Battle of Mišar

After repulsing an Ottoman force at Ivanovac, the year before, the Serbian insurgents under Karađorđe took strong position, entrenched in sconces on the field of Mišar Hill, near Šabac west of Belgrade.

The plan consisted of Karađorđe and the infantry remaining in the fortification, while the Serbian cavalry led by Luka Lazarević and Miloš Obrenović would wait for the moment to attack.

At one point Serbian soldiers panicked and retreated to the sconce fortress, but Karađorđe took his sabre and ordered them to get back to their posts.

The fights at Mišar lasted several days with mutual losses, but the battle itself ended with the collapse of the Ottoman center and the exposure of the right and left columns.

The victory bolstered the morale of the lower class Christian population, within the Ottoman’s Eyelet of Bosnia, stoking their sense of identity and resistance.

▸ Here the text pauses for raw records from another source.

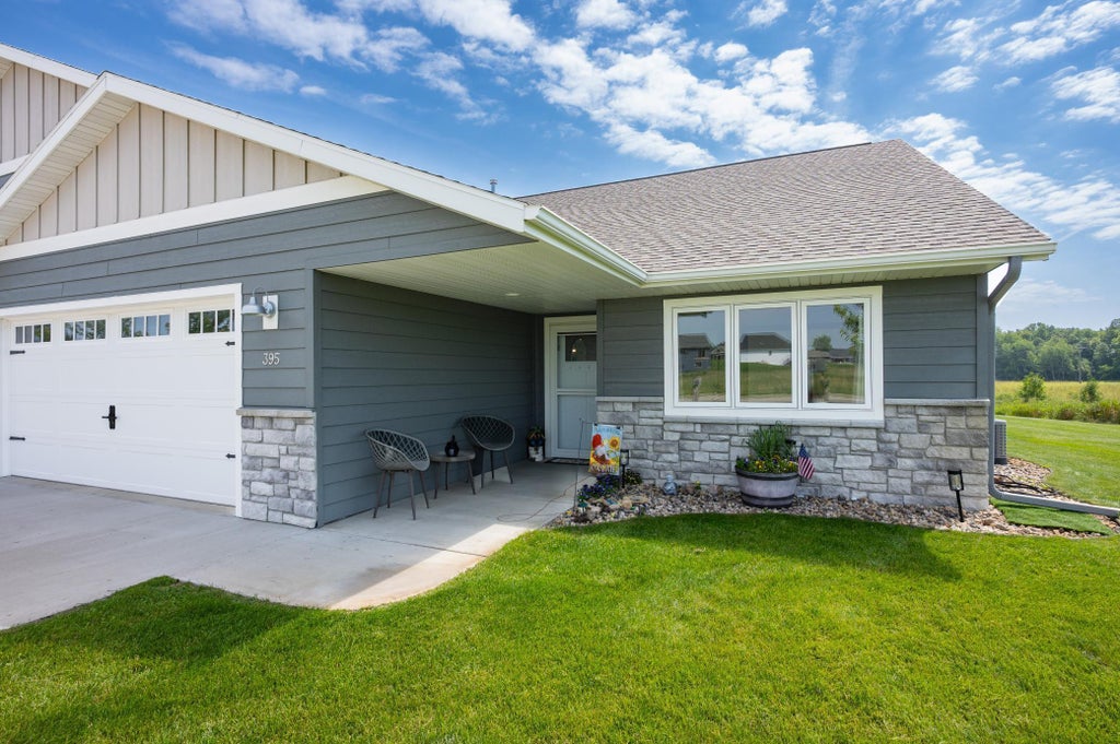 It's time to enjoy easy living at Geneva East Estates! Here's an absolutely immaculate and beautiful townhome with upgraded finishes, a bright and open floor plan with vaulted ceilings, and gorgeous kitchen equipped with a granite island and pantry space for the goodies. You'll love the stylish Owner's Suite with tile and granite materials, and will find a great 4 season room overlooking the wildlife of the backyard to enjoy that morning coffee or the afternoon football game from the couch. There's a spacious patio to enjoy the nature, and an over-sized and heated garage. Dual heat of forced air and in-floor heating is a bonus, and the location is stellar with the Geneva Golf course a stone's throw away as well as the touted Central Lakes Trail. Just minutes to town, here you can relax and enjoy the good life!
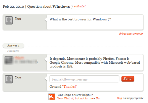 - Ask a question which is specific and Aardvark displays it around to people with relative expertise. The answers are then displayed to you. 🙂
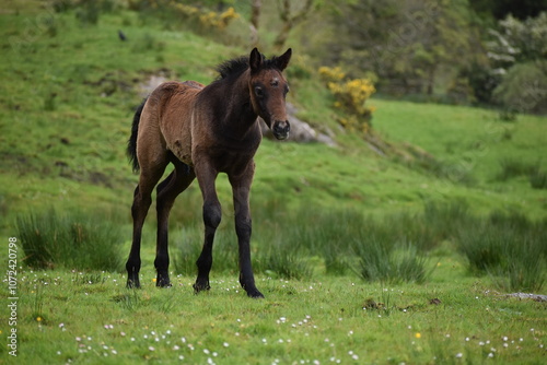 Fototapeta premium poulain dans une prairie verte sous temps grisâtre
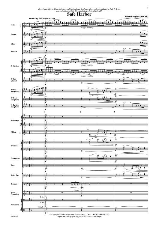 Digital Sheet Music for Safe Harbor - Full Score by Robert Longfield scored for Concert Band; id:509687
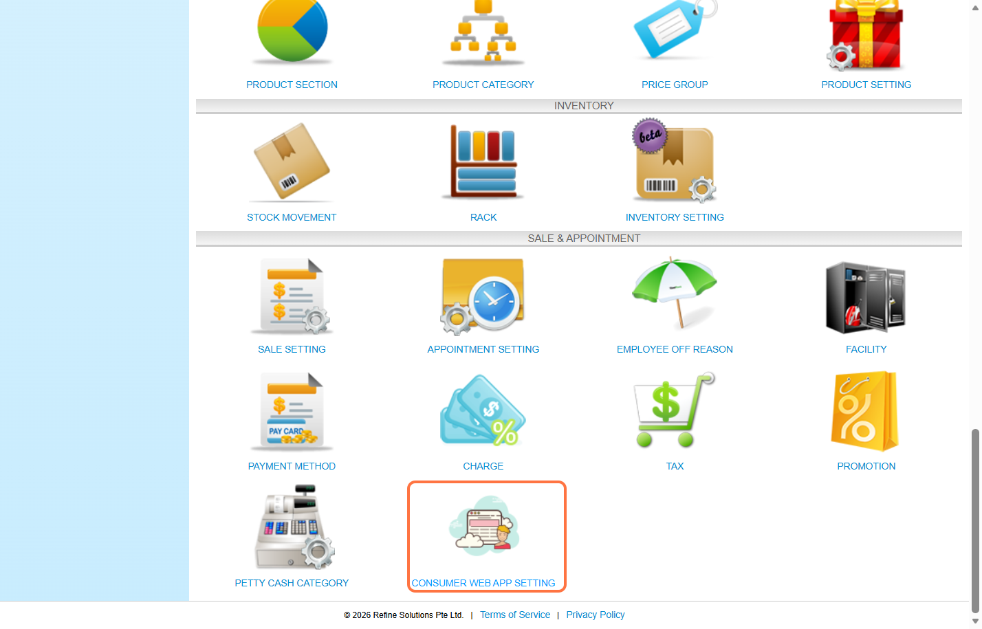 Step 2: Click “CONSUMER WEB APP SETTING”.
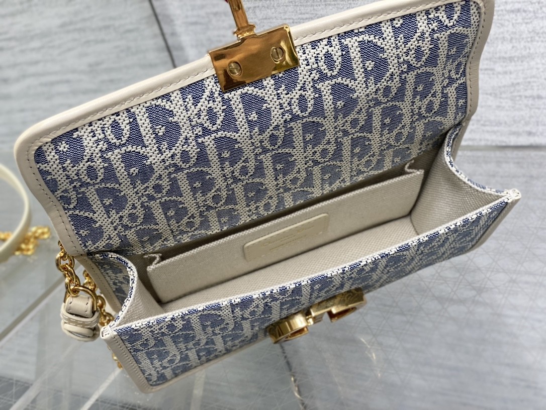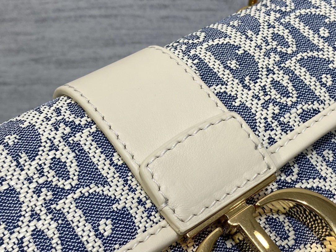 ChatGPT 說:【DIOR】30 Montaigne 藍白老花肩背包|Oblique 緹花 × CD 雙扣 × 鍊條皮帶設計
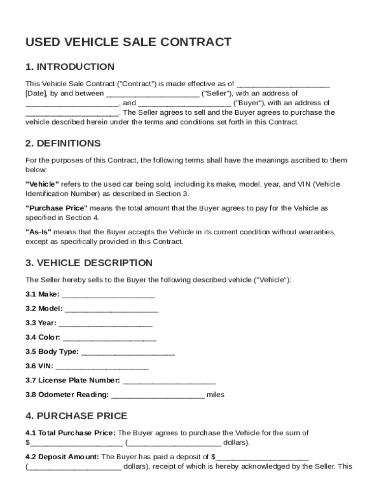 A used car sale contract is a legally binding document that formalizes the sale of a pre-owned vehicle between a seller and a buyer. It serves to protect the rights of both parties and outlines the terms of the sale, including the purchase price and any conditions. Having a written contract is crucial, as it can prevent disputes and misunderstandings later.
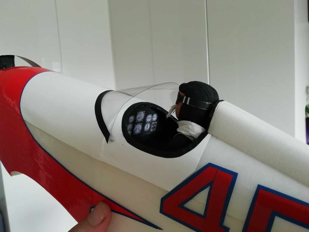 Patryk oblatał już swoją pszczółkę a ja nadal w lesie . Dorobiłem pilota ze styroduru , doszły jakieś "zegary" ,owiewka oraz podwozie
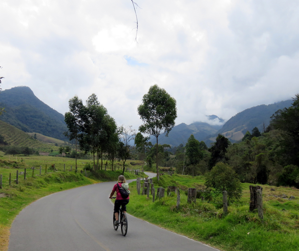 On to Salento we went, broke out the bicycles and rode to the Valle do Cocora, famous for the very high wax palms, the nation tree of Colombia.

The victory was immortalized by Serbian guslar Filip Višnjić, with the epic poem Boj na Mišaru, and the Russian painter Afanasy Ivanovich Sheloumov, with a monumental composition of oil on canvas with the same name.

Šafarik, Pop Luka Lazarević, Prota Mateja Nenadović, Lazar Mutap, Miloš Stojčević Pocerac, Cincar Janko Popović... are some of the names of this epic battle that Serbia won.

The Turks tried to escape to Bosnia, but they were met there by Stojan Čupić and Miloš Pocerac, and Cincar Janko Popović and Lazar Mutap who chased them across the Sava where few of the enemy survived.